Task details: Print only the lines from the one with "Auf der Umleitungsstrecke" through the end of the data, exactly, and please omit pictures.

----------

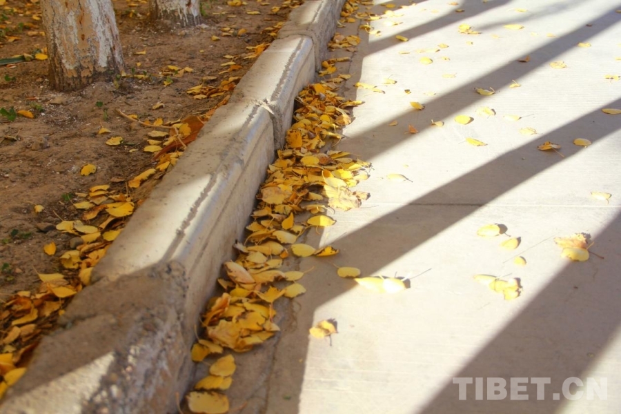 圖為阿里獅泉河鎮(zhèn),落葉滿地 攝影:趙釗
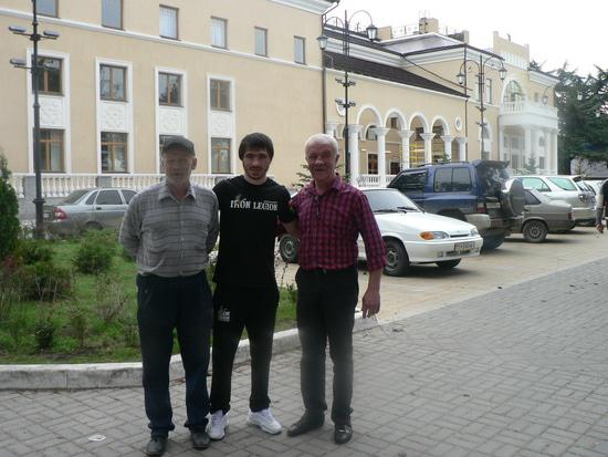 Но наши любители бокса уже фоткаются с теми кто приехал - а это наши земляки Сослан Тедеев, Таир Келехсаев  и тренер Алик Тедеев.
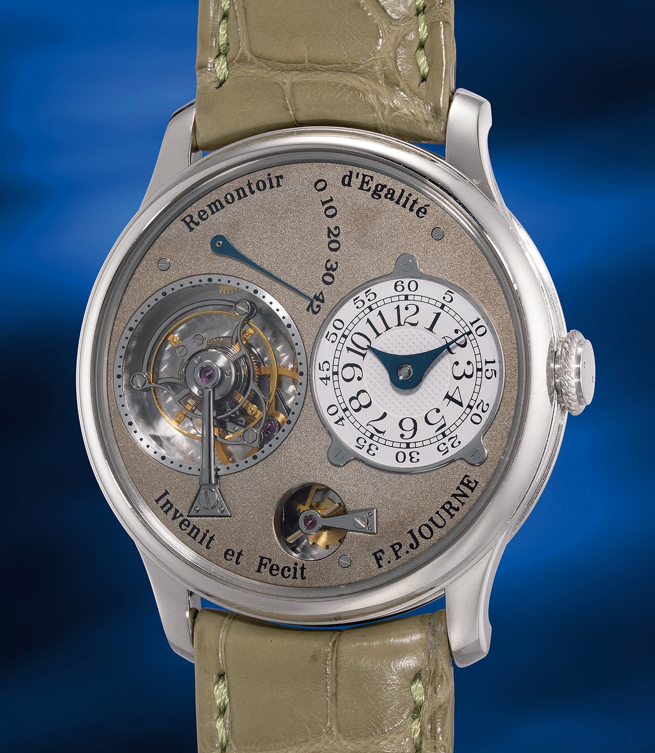 An extremely rare, well-preserved and important platinum tourbillon wristwatch with remontoir d’egalité, white gold dial, brass movement, warranty and presentation box
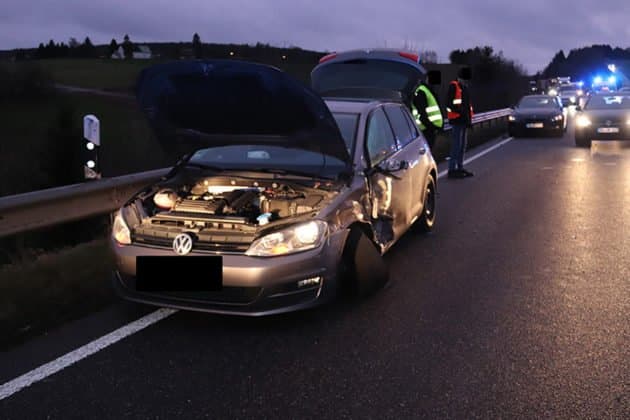 Auf der Umleitungsstrecke ereignete sich dann zeitgleich ein dritter Verkehrsunfall. Ein 26-Jähriger befuhr die L 11 von der Anschlussstelle Prüm in Richtung der B 410 bei Niederprüm. Er überfuhr aufgrund nicht angepasster Geschwindigkeit die B 410 und kam gegenüber der Einmündung von der Fahrbahn ab und in einem Acker zum Stehen. Hier entstand Sachschaden am PKW.
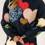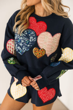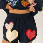 Navy Multi Embroidered Hearts Short | Queen Of Sparkles
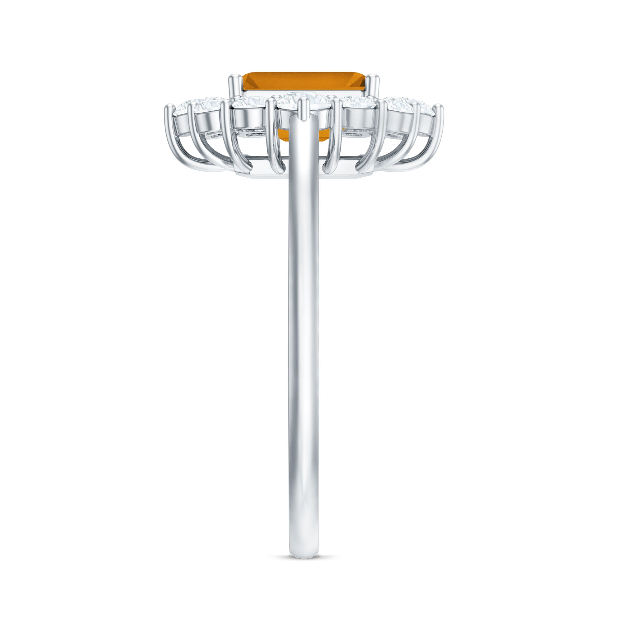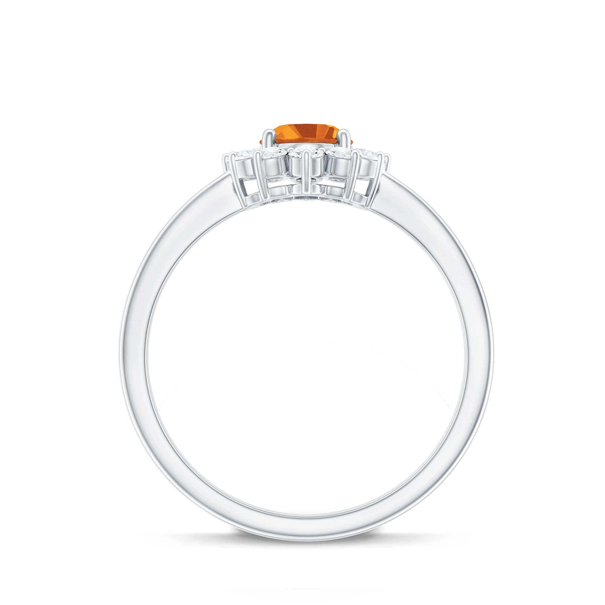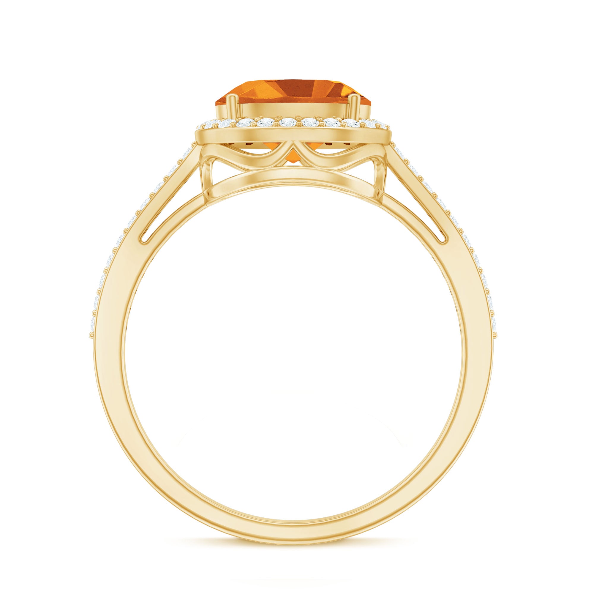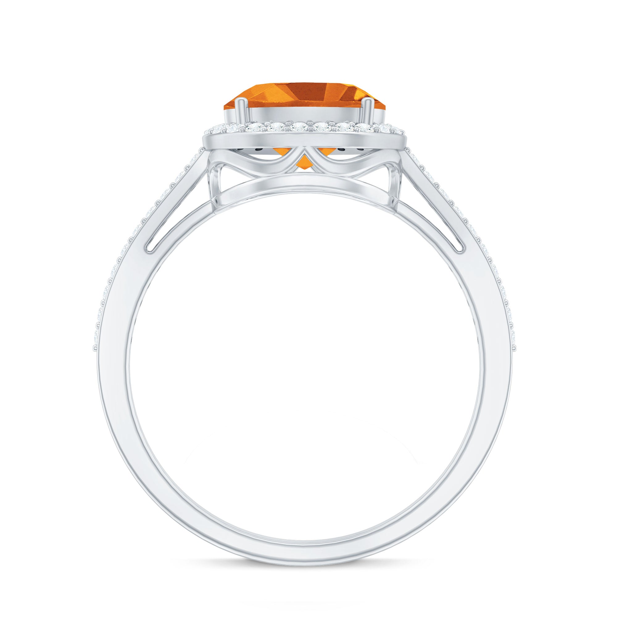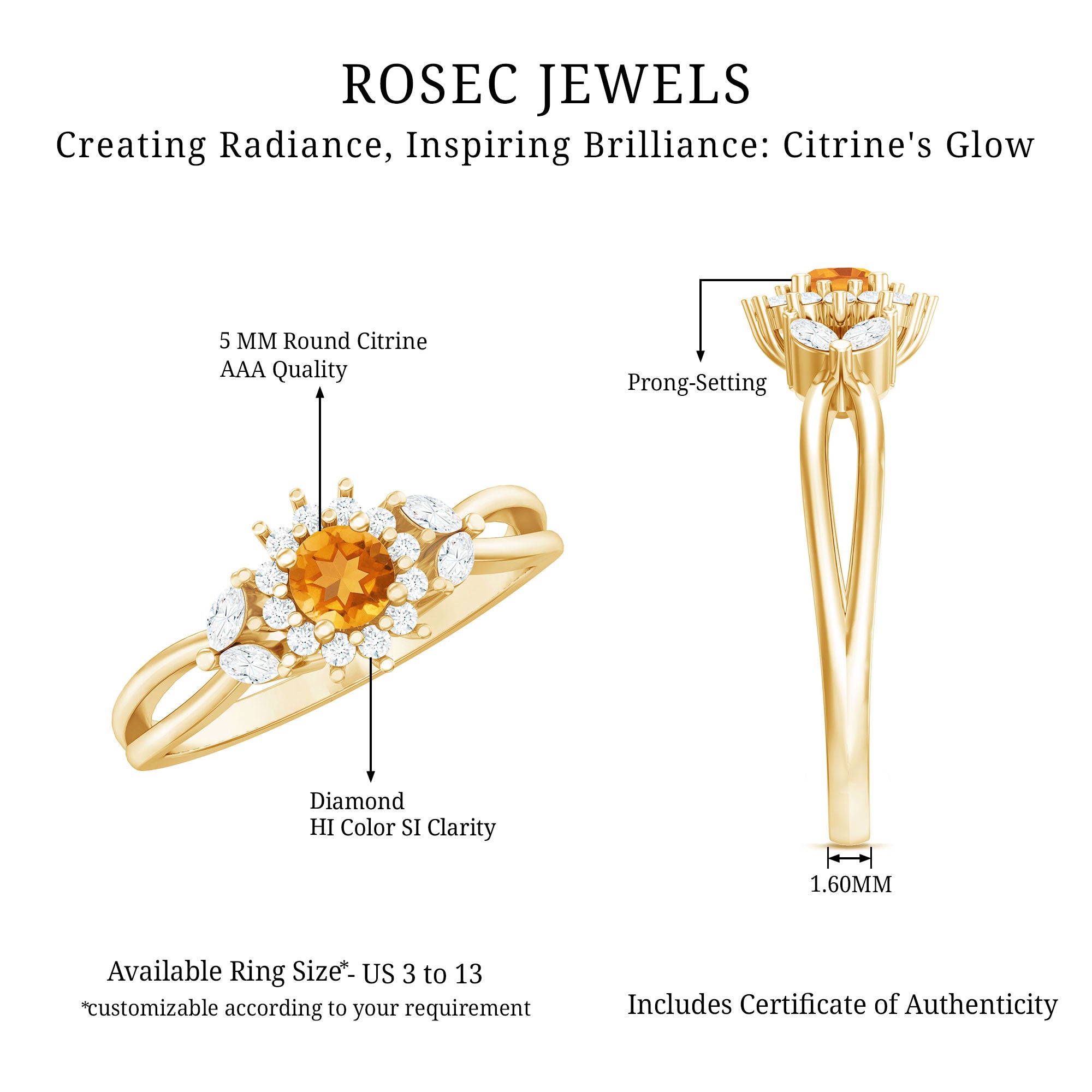 Features a citrine stone, that is a focal point, and small shimmery diamonds add an extra layer of shine & sparkle to the citrine centerpiece. The halo accent enhances the beauty and brilliance of the gem.
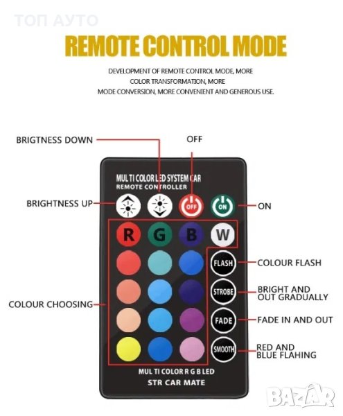 Ефектни, универсални габаритни крушки с различни цветове и комбинации. Множество комбинации - възможност за усилване и намаляне на светлината, различни цветове на всяка от крушките, режим американска полицейска кола (премигваща синя и червена светлина и много други.
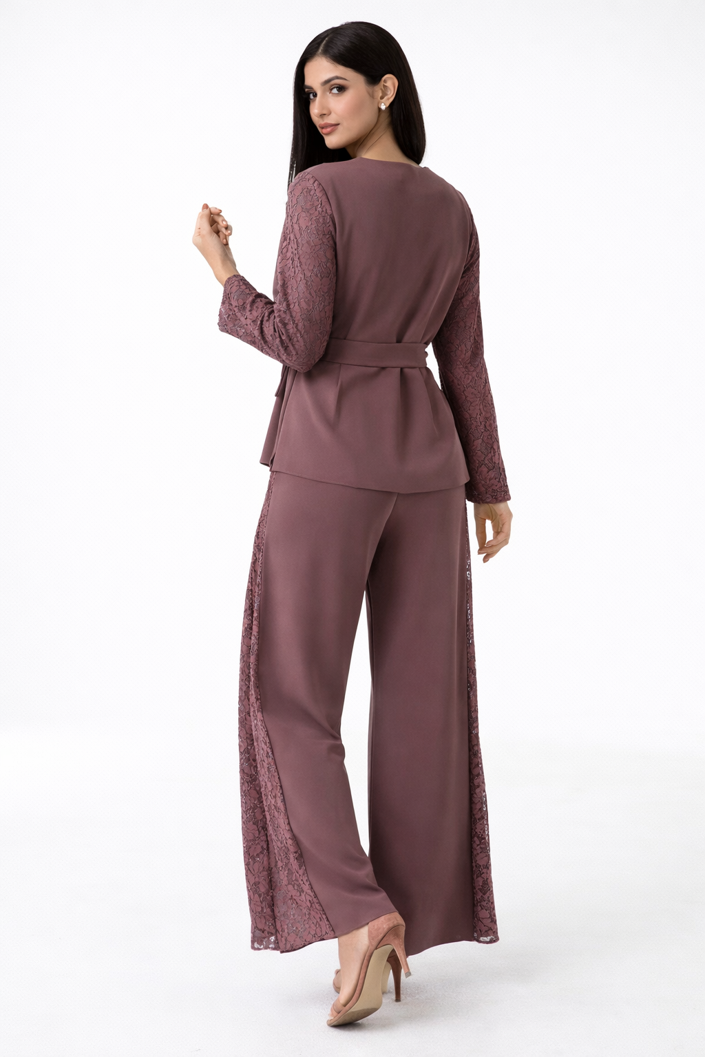 مصنوع من كريب فيلور لوكس الفاخر بملمس ناعم وانسيابية راقية، مع تفاصيل دانتيل وخرز دقيقة تضفي لمسة فاخرة ومتقنة.

----------

Answer for the task:
 Auf der Umleitungsstrecke ereignete sich dann zeitgleich ein dritter Verkehrsunfall. Ein 26-Jähriger befuhr die L 11 von der Anschlussstelle Prüm in Richtung der B 410 bei Niederprüm. Er überfuhr aufgrund nicht angepasster Geschwindigkeit die B 410 und kam gegenüber der Einmündung von der Fahrbahn ab und in einem Acker zum Stehen. Hier entstand Sachschaden am PKW.
 Navy Multi Embroidered Hearts Short | Queen Of Sparkles
 Features a citrine stone, that is a focal point, and small shimmery diamonds add an extra layer of shine & sparkle to the citrine centerpiece. The halo accent enhances the beauty and brilliance of the gem.
 Ефектни, универсални габаритни крушки с различни цветове и комбинации. Множество комбинации - възможност за усилване и намаляне на светлината, различни цветове на всяка от крушките, режим американска полицейска кола (премигваща синя и червена светлина и много други.
 مصنوع من كريب فيلور لوكس الفاخر بملمس ناعم وانسيابية راقية، مع تفاصيل دانتيل وخرز دقيقة تضفي لمسة فاخرة ومتقنة.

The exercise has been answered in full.